Jamie Oliver’s Cheeky, Dead-Simple Administration
YOU may think the economy is nice and stable, you may think that there’s enough money floating around to allow people to enjoy going out for meals, spending a bit of cash, keeping restaurants in business and generating hundreds of jobs in the service industry; well, let’s show you a way to go into administration that so simple, almost any mid-priced high street food chain could manage it, and in only 5 minutes.
We’re going to use Jamie’s Italian here, but you can use whatever chain you like; your Nando’s, your Milano’s, Pizza Express, whatever you’re having, sunshine – it all works at the end of the day. Pukka!

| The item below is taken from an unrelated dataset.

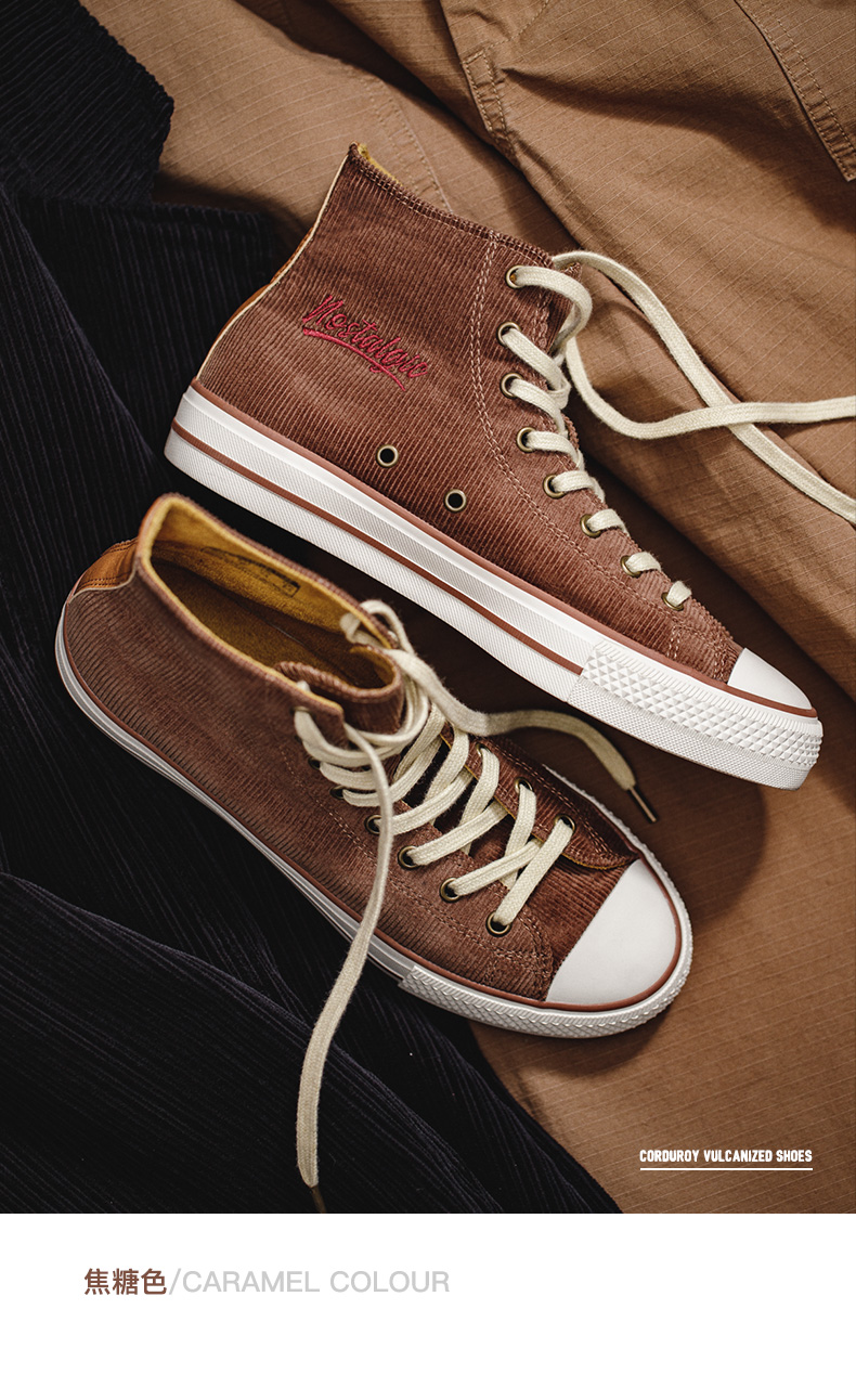【马登男鞋】2025夏季新款复古灯芯绒高帮板鞋潮流百搭低帮休闲布鞋潮鞋子

Get a pinch of your seemingly successful business model, perhaps operating under the banner of a respected and well-received public figure, sprinkle a nice number of moderately-priced meals in there with the intent to capture that lovely profitability that comes with families and couples having a cheeky meal out after a day’s shopping, you know how it goes, dice up some unpaid invoices into a bowl, throw your books into the oven to cook and Bam! Almost done, geez!
Now, while all that’s bubbling away nicely, take your government and get them going with some cheeky little cuts and stealth taxes in there, marinade in a nice bit of austerity, and just sit back and let that expendable income your customer base has at their disposal reduce to a medium heat. Bosh.
Smack it all in there together and you’ll get this unmistakable aroma of dread as your customers dwindle to the point where the entire thing looks set to collapse… that’s when you get to whack in a load of administrators from KPMG, and boom, you’ve got yourself 1,300 people out of a job in less than a few months. Lovely jubbly.
Think it couldn’t happen to your favourite restaurant or chain? Nah, guv. With more and more places going out of business and putting people on the unemployment line, it’s never been easier to fold overnight. Enjoy!